Quelle est la situation aux frontières extérieures de l’Europe?

Les opérations de Frontex se concentrent essentiellement sur deux aspects: la criminalité transfrontalière (trafic de drogue ou d’armes, traite d’êtres humains) et la gestion des personnes souhaitant déposer une demande d’asile en Europe.

En 2014 et 2015, l’effectif des requérant-es d’asile a triplé dans l’espace Schengen par rapport aux années précédentes. Beaucoup fuyaient notamment les guerres en Syrie et en Afghanistan. Mais depuis, le nombre de personnes en quête de protection aux frontières européennes est revenu au niveau des années 2010, d’après les chiffres de l’Agence des Nations Unies pour les réfugiés (UNHCRLien externe). Une tendance qui se reflète également en Suisse.

Cette diminution des demandes d’asile s’explique en partie par la fermeture des frontières dans certains pays des Balkans, le renforcement des contrôles (entre autres grâce à Frontex) et la signature d’accords avec des États tiers comme la Libye ou la Turquie pour bloquer le transit des migrant-es. La pandémie a également gelé les déplacements internationaux durant presque deux ans.

Actuellement, le personnel de Frontex est déployé dans les pays jouxtant l’Ukraine, afin d’aider les autorités locales à contrôler les frontières et à gérer l’arrivée des personnes fuyant la guerre.

Qui conteste la participation de la Suisse à Frontex?

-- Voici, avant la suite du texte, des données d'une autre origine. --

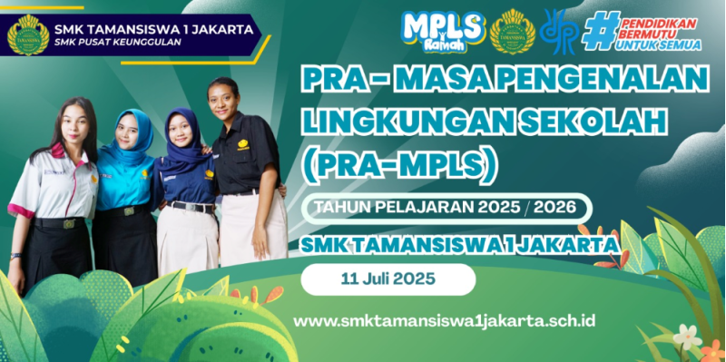 Menindaklanjuti Surat Edaran Kadisdik DKI Jakarta Nomor 27/SE/2025 tentang HPS dan MPLS Ramah Tahun Ajaran 2025-2026, Perguruan Tamansiswa Cabang Jakarta Nomor Cab.332-223/Pro-SFy/VII/2025 tentang Informasi Pelaksanaan MPLS Ramah 2025-2026 serta SMK Tamansiswa 1 Jakarta Nomor 662/TKME.SK/VII/2025 tentang MPLS Ramah Kelas X T.P. 2025-2026 maka SMK Tamansiswa 1 Jakarta melaksanakan Pra-MPLS Ramah Murid Baru Kelas X (Sepuluh) T.P. 2025-2026.
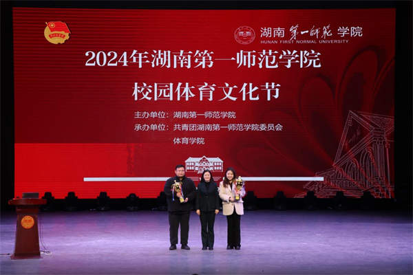 12月10日,best365官网第一届校园体育文化节总结表彰会在东方红校区田汉剧场举行。校党委委员、副校长蒋蓉出席活动并颁奖。学生工作部、教务处、校团委、体育学院负责人,各二级学院党委副书记、分团委书记及师生代表参加活动。

Le référendumLien externe a été lancé par l’association Migrant Solidarity Network et des organisations de soutien aux migrant-es, avec l’appui du Parti socialiste (PS, gauche), du Parti écologiste (Verts, gauche) et des autres partis de gauche. Le comité ne veut pas que la Suisse soutienne Frontex, car il estime que l’agence symbolise une politique migratoire fondée sur l’isolement et la violence. Il critique une «militarisation des frontières» et une «criminalisation de la migration».

Les référendaires rappellent que plusieurs enquêtes sont en cours contre Frontex pour mise en danger de personnes migrantes et participation à des opérations de refoulement de requérant-es d’asile. Cette pratique viole la Convention de Genève relative au statut de réfugié, car les personnes repoussées à l’extérieur des frontières de Schengen sont ainsi empêchées d’y déposer une demande d’asile. Le Parlement européen a d’ailleurs gelé une partie du budget 2022 de Frontex, en exigeant que l’agence renforce la protection des droits fondamentaux et mette en place un mécanisme de signalement des incidents graves aux frontières.

Le comité référendaire dénonce aussi les accords que l’UE a signés avec la Libye et la Turquie, car ils prévoient une forme d’externalisation de la gestion des réfugié-s souhaitant se rendre en Europe, les bloquant dans des pays tiers où leur sécurité n’est pas assurée. Il exige la mise en place de voies migratoires sûres.

Qui soutient le financement de Frontex?

Le gouvernement souhaite augmenter sa participation à l’agence européenne, car la surveillance des frontières extérieures profite aussi à la Suisse: les mouvements migratoires sont maîtrisés et la sécurité est renforcée. Le pays bénéficiera également de l’appui de Frontex pour le renvoi des personnes n’ayant pas obtenu l’asile.

Le gouvernement met en garde: en cas de «non» le 15 mai, la Suisse risque d’être exclue de l’espace Schengen. La liberté de voyager serait alors restreinte et l’ensemble de l’économie en souffrirait. De plus, en cas de refus, les relations déjà tendues avec l’UE pourraient encore empirer, avertit le Conseil fédéral.

Une majorité du Parlement soutient également le développement de Frontex: les Libéraux-Radicaux (PLR, droite libérale), le Centre et les Verts libéraux (PVL, centre) ont voté en faveur d’une participation accrue à l’agence. Ils ont rappelé qu’une bonne partie du trafic d’armes, de drogues et d’êtres humains pouvait ainsi être stoppée aux frontières extérieures. Les élu-es ont souligné qu’un renforcement de Frontex permettrait aussi d’améliorer la protection des droits fondamentaux des migrant-es.

Le parti le mieux représenté au Parlement, l’Union démocratique du centre (UDC, droite conservatrice), s’est montré divisé sur le sujet: certains membres sont farouchement opposés à Schengen et à la libre circulation des personnes, alors que d’autres soutiennent le principe d’une collaboration entre les États pour mieux contrôler les frontières extérieures de l’Europe.